• [ASSIGNMENT]: Copy, word for word, the line containing "This is an attractive" and each line that follows it in the entries below; pictures do not belong in the copy.

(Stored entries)
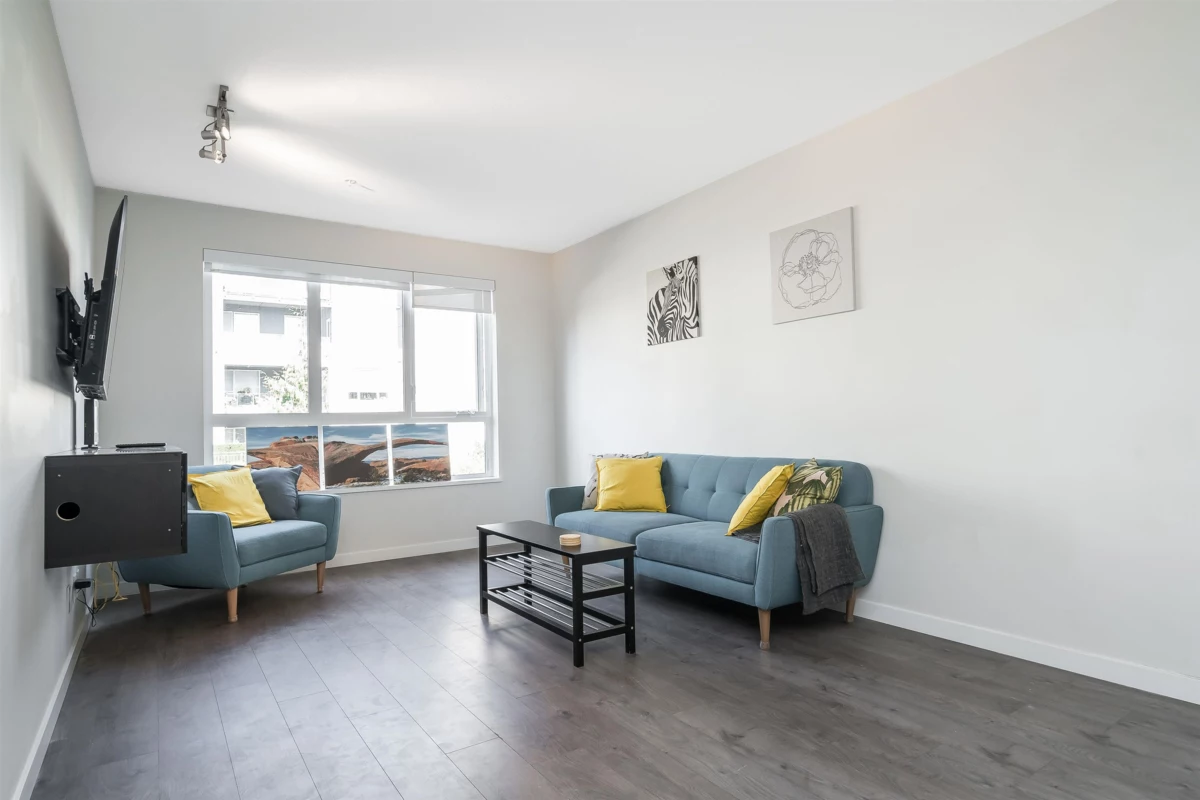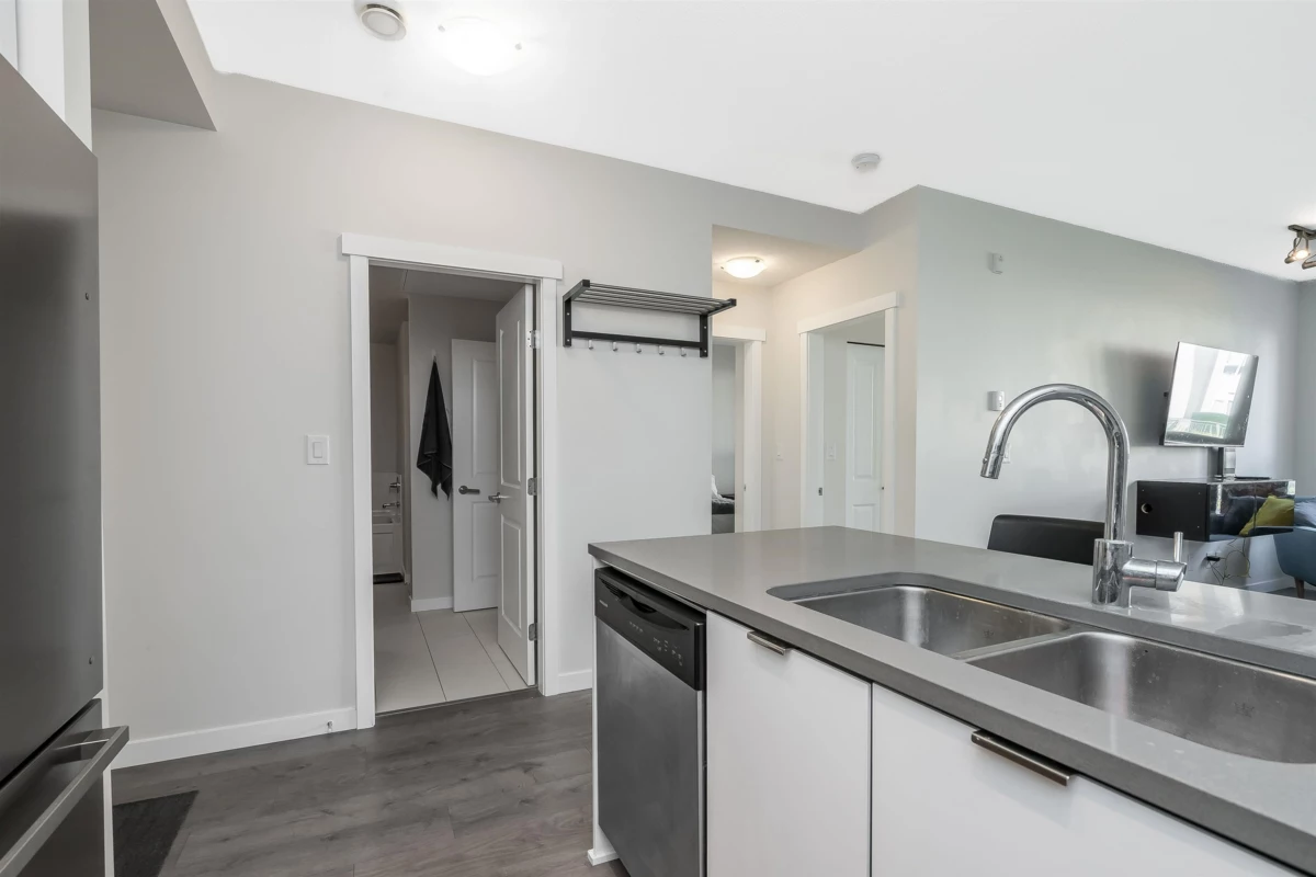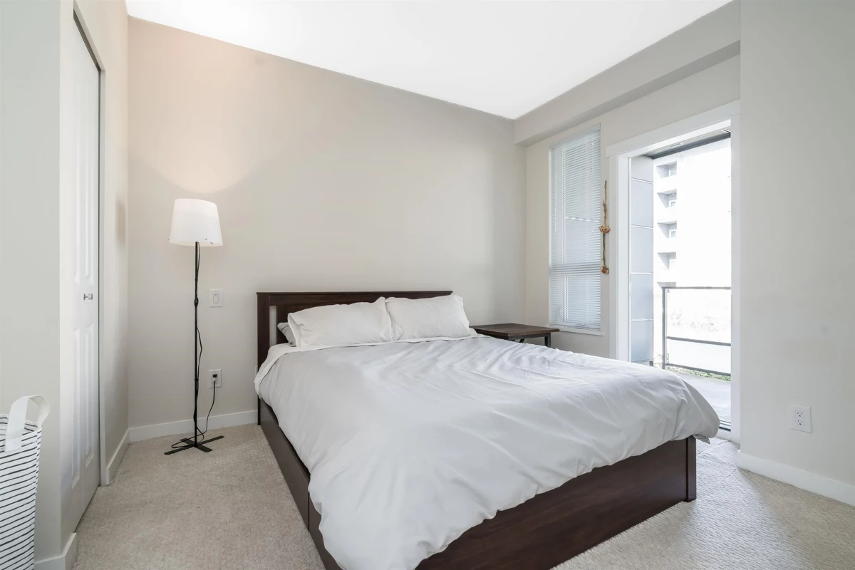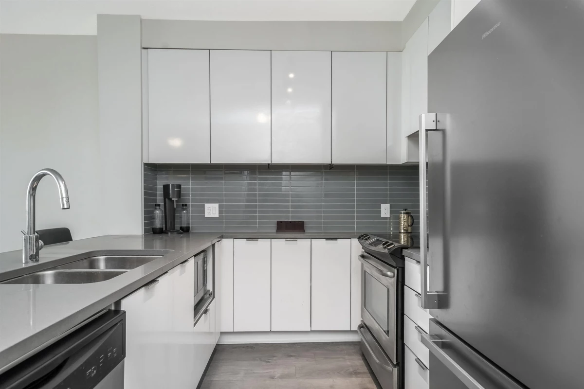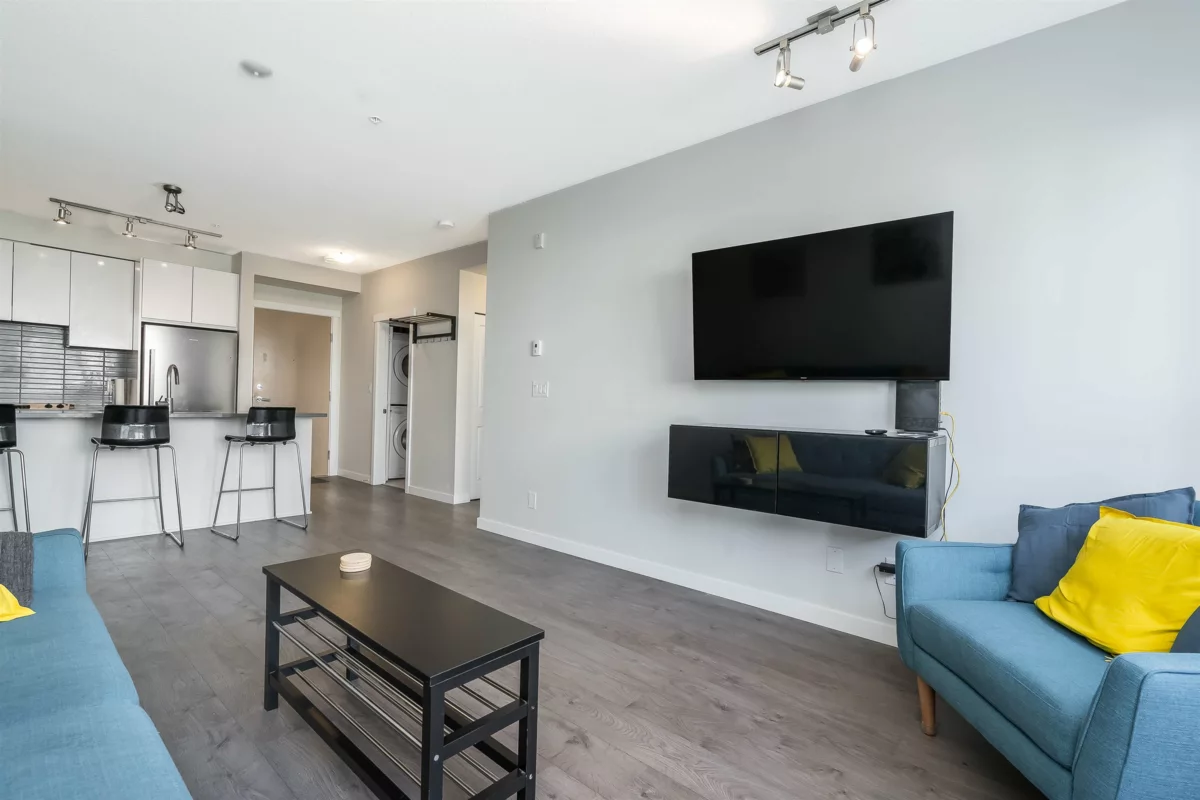 Welcome to Polygon’s Veritas in the heart of SFU’s UniverCity. This bright 2-bed, 1-bath home offers 767 sq.ft. of efficient living with 9' ceilings and a smart, open layout. The gourmet kitchen features quartz countertops and stainless steel appliances, opening to a comfortable living and dining area. The primary bedroom enjoys direct access to a covered balcony, your quiet spot for morning coffee. A spacious 5-piece bathroom (separate tub and shower, double vanity) serves both bedrooms. Full-size front-load laundry, radiant in-floor heating and hot water included in the maintenance fee. Secure parking, plus access to the building’s gym and amenity room. Move-in ready and steps to campus, transit, shops, cafes, and endless trails. Easy to Show!
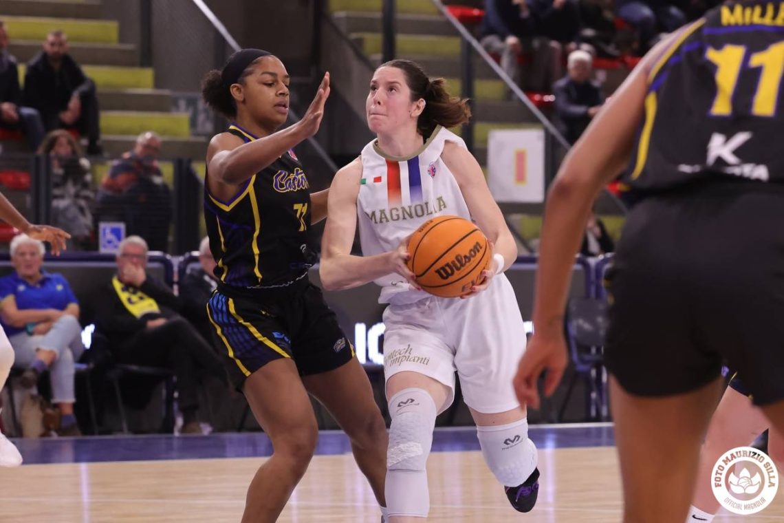 È Ceré a realizzare nella prima fase del quarto periodo per le rossoblù. Madera incrementa il margine, poi Giacchetti sigla l’ottantesimo punto dalla lunetta. Makurat realizza un altro +28 nel corso della contesa (82-54). Poi Giacchetti toglie il tappo dalla linea dei liberi ad una lunga astinenza offensiva. Va a segno anche Miccoli, poi è un tiro libero di capitan Trimboli a sigillare il +27 finale.
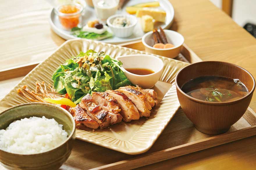 メニューは、土鍋ごはんと豚汁がメインの「朝ごはん」、前菜とメインを置いた「昼ごはん」の2種類のプレートセットからセレクト。スイーツには味噌やしょうゆを使ったメニューもそろい、発酵ならではのおいしさは食べ応えあり!
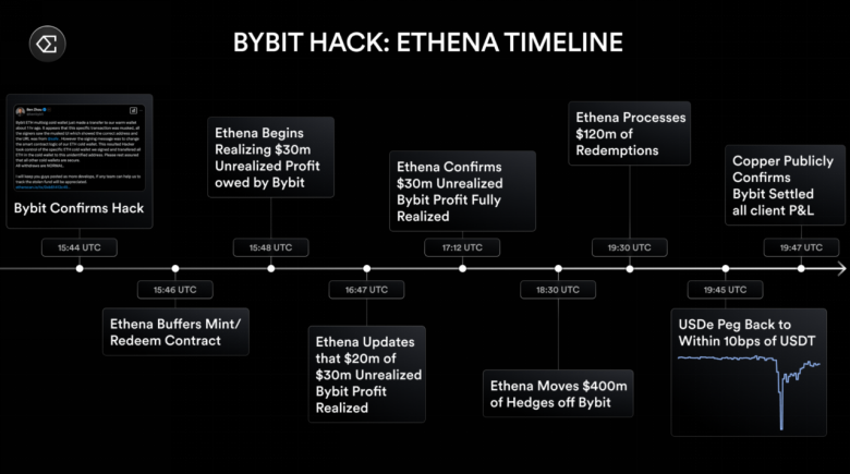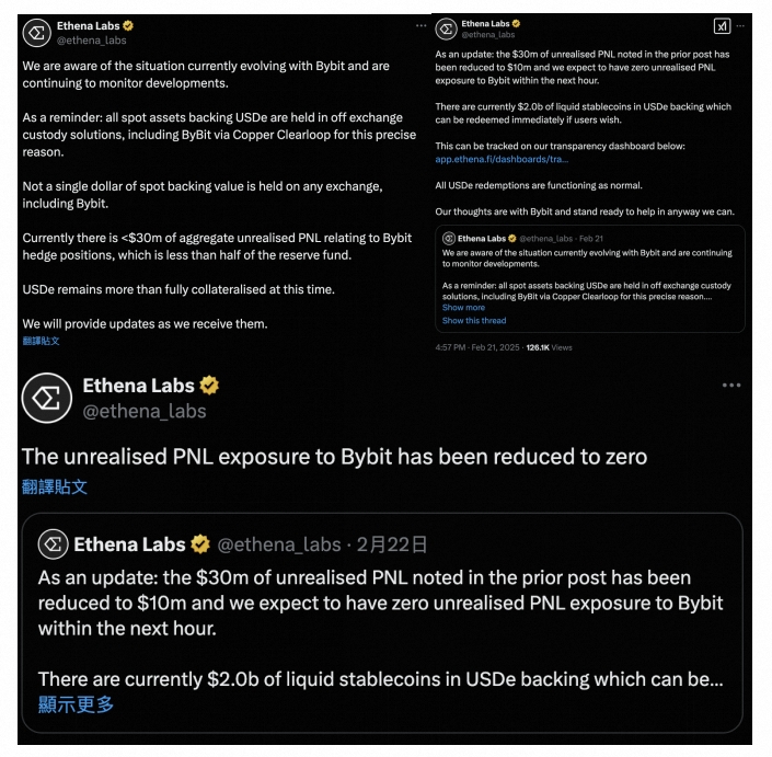这种设计妙就妙在,即使交易所出了事,用户的核心资产也不会直接暴露在风险中。在Bybit黑客事件中,这一模式帮了大忙。Ethena的支持资产完全没有存在Bybit上,避免了直接损失。更重要的是,它还能迅速将价值3000万美元的对冲头寸从Bybit转移至其他平台,整个过程如同“战场换防”——旧的阵地沦陷了,新的防线早已筑好,灵活性让人眼前一亮。这不禁让人思考:如果更多项目也能用这种方式,是不是能少点提心吊胆的日子?
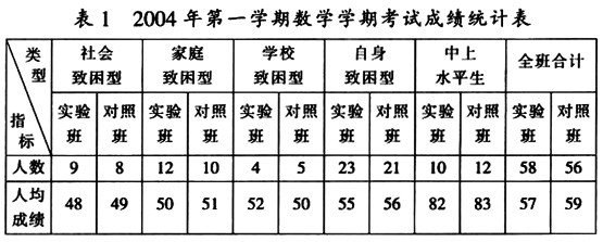 笔者在调查分析的基础上,对本校两个高职班进行实验。将其中一个班作为对照班,另一个班作为实验班,实施以情感教育为核心的转化策略,进行为期一年的转化尝试。在上新课前,我两个班2004年第一学期的数学学期成绩、“数困生”数量等数据进行了统计(见表1),实验班、对照班的平均成绩分别为57分、59分,实验班略低;“数困生”数量分别为48人、44人,实验班略多。总体而言,两个班的数学人均成绩和“数困生”数量没有显著差异。
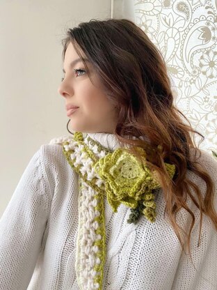 This is an attractive lariat that works up fast and the final result is extremely appealing. The tutorial will guide you in making the lariat, along with the rose(s), vines and sprigs. Yarn and hook: 50 gr of bulky yarn of your choice for the lariat with a 9mm hook (US M/N-13 / UK 2/0) and DK yarn for the edging (about 30 gr) with a 4 mm hook. (US F/ UK 8). Other: Tapestry needle for weaving ends, sewing needle and thread, brooch pin (optional). Stitches in American terminology: chain (ch), chain space (ch-sp), stitch (st.), slip stitch (sl st), skip (sk), single crochet (sc), half-double crochet (hdc), double crochet (dc), treble (tr).
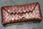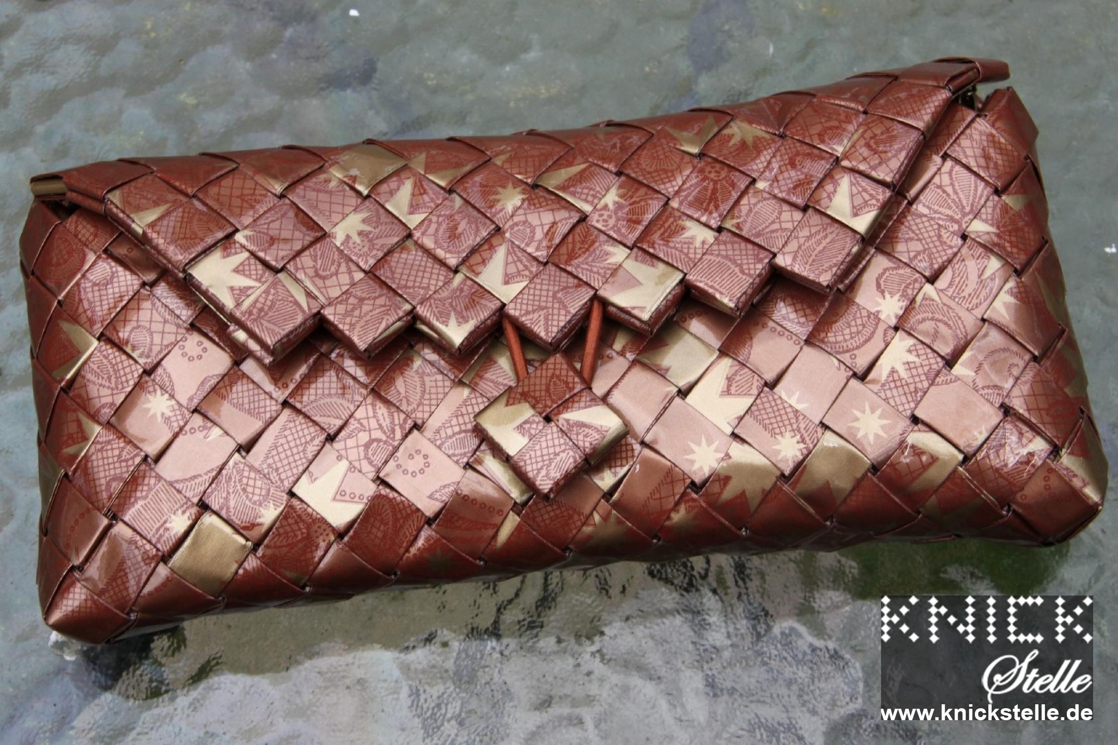 Kupferbraunes Papier mit goldenen Sternen und dunkelbraunen Mustern ziert diese Clutch.

• [EXERCISE OUTPUT]:
 This is an attractive lariat that works up fast and the final result is extremely appealing. The tutorial will guide you in making the lariat, along with the rose(s), vines and sprigs. Yarn and hook: 50 gr of bulky yarn of your choice for the lariat with a 9mm hook (US M/N-13 / UK 2/0) and DK yarn for the edging (about 30 gr) with a 4 mm hook. (US F/ UK 8). Other: Tapestry needle for weaving ends, sewing needle and thread, brooch pin (optional). Stitches in American terminology: chain (ch), chain space (ch-sp), stitch (st.), slip stitch (sl st), skip (sk), single crochet (sc), half-double crochet (hdc), double crochet (dc), treble (tr).
 Kupferbraunes Papier mit goldenen Sternen und dunkelbraunen Mustern ziert diese Clutch.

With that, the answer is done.